Memories are capable of lasting from childhood throughout life. This extremely long duration indicates that the brain mechanisms which maintain memory cannot rely solely on physiological or biochemical mechanisms ­ which are labile ­ but must involve structural changes. It is generally believed that such changes occur at synapses, where information is transmitted between neurons, and we are investigating structural molecules that could be involved in modifying synaptic morphology (synaptic plasticity). Our current efforts are focussed on actin, a protein which in many cells drives the changes in shape that are responsibile for determining cell morphology. Some years ago my group discovered that actin in the brain is highly concentrated at dendritic spines (ref. 1), tiny protusions from dendrites that form the contact sites at up to 90% of excitatory synapses in areas of the brain, such as the cerebral cortex and hippocampus, that are involved in cognitive processing.
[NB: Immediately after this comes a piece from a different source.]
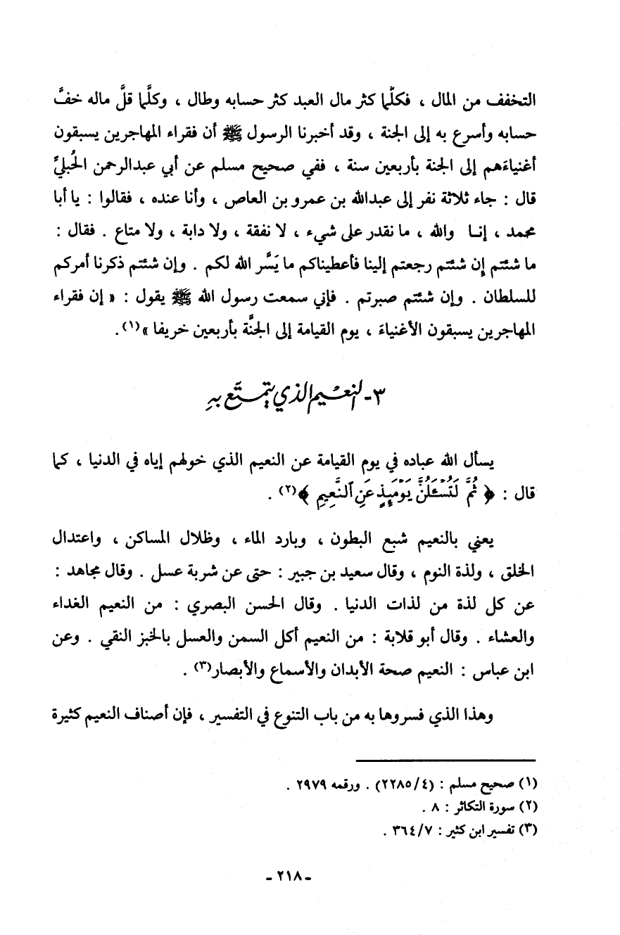 التخفف من المال، فكلما كثر مال العبد كثر حسابه وطال، وكلما قل ماله خف حسابه وأسرع به إلى الجنة، وقد أخبرنا الرسول صلى الله عليه وسلم أن فقراء المهاجرين يسبقون أغنياءهم إلى الجنة بأربعين سنة، ففي صحيح مسلم عن أبي عبد الرحمن الحبلي قال: جاء ثلاثة نفر إلى عبد الله بن عمرو بن العاص، وأنا عنده، فقالوا: يا أبا محمد، إنا والله، ما نقدر على شيء، لا نفقة، ولا دابة، ولا متاع. فقال: ما شئتم إن شئتم رجعتم إلينا فأعطيناكم ما يسر الله لكم. وإن شئتم ذكرنا أمركم للسلطان. وإن شئتم صبرتم. فإني سمعت رسول الله صلى الله عليه وسلم يقول: " إن فقراء المهاجرين يسبقون الأغنياء، يوم القيامة إلى الجنة بأربعين خريفاً " (¬1) .

More recently we have found that the forms of actin expressed in neurons, b and g actin are specifically targeted to spines (ref. 2). Does this mean that spines are motile? To find out we made gene fusion constructs in which actin was "tagged" with the autofluorescent protein GFP. Using actin­GFP we could follow actin dynamics in a wide variety of living cells including neurons, and we were able to record actin dynamics in dendritic spines (ref. 3). This actin based motility is surprising rapid, with detectable changes in spine dimensions occuring within seconds. We are currently investigating the actin dynamics in spines are regulated by synaptic transmission and we are also exploring the molecular mechanisms by which this regulation is expressed.

Other interests

Some thoughts about broader aspects of brain function are contained in my essay The Brain in the New Millennium (Acrobat PDF file) which was written for for Brain Awareness Week 1999 and published in Basel's daily newspaper, the Basler Zeitung (in German translation by Ulrich Goetz). Click the link to read my original English text. Thanks to Ulrich Goetz and Martin Hicklin for their support.

Technology

This work has involved us in developing new techniques for imaging molecular dynamics in living cells and in using the latest computerized microsopy equipment. For more details view the videos and images elsewhere on the group's website.


References

1. Matus, A., Ackermann, M., Pehling, G., Byers, H. R., and Fujiwara, K. (1982). High actin concentrations in brain dendritic spines and postsynaptic densities. Proc Natl Acad Sci U S A 79, 7590-4.
2. Kaech, S., Fischer, M., Doll, T., and Matus, A. (1997). Isoform specificity in the relationship of actin to dendritic spines. J Neurosci 17, 9565-72.
3. Fischer, M., Kaech, S., Knutti, D., and Matus, A. (1998). Rapid actin-based plasticity in dendritic spines. Neuron 20, 847-854.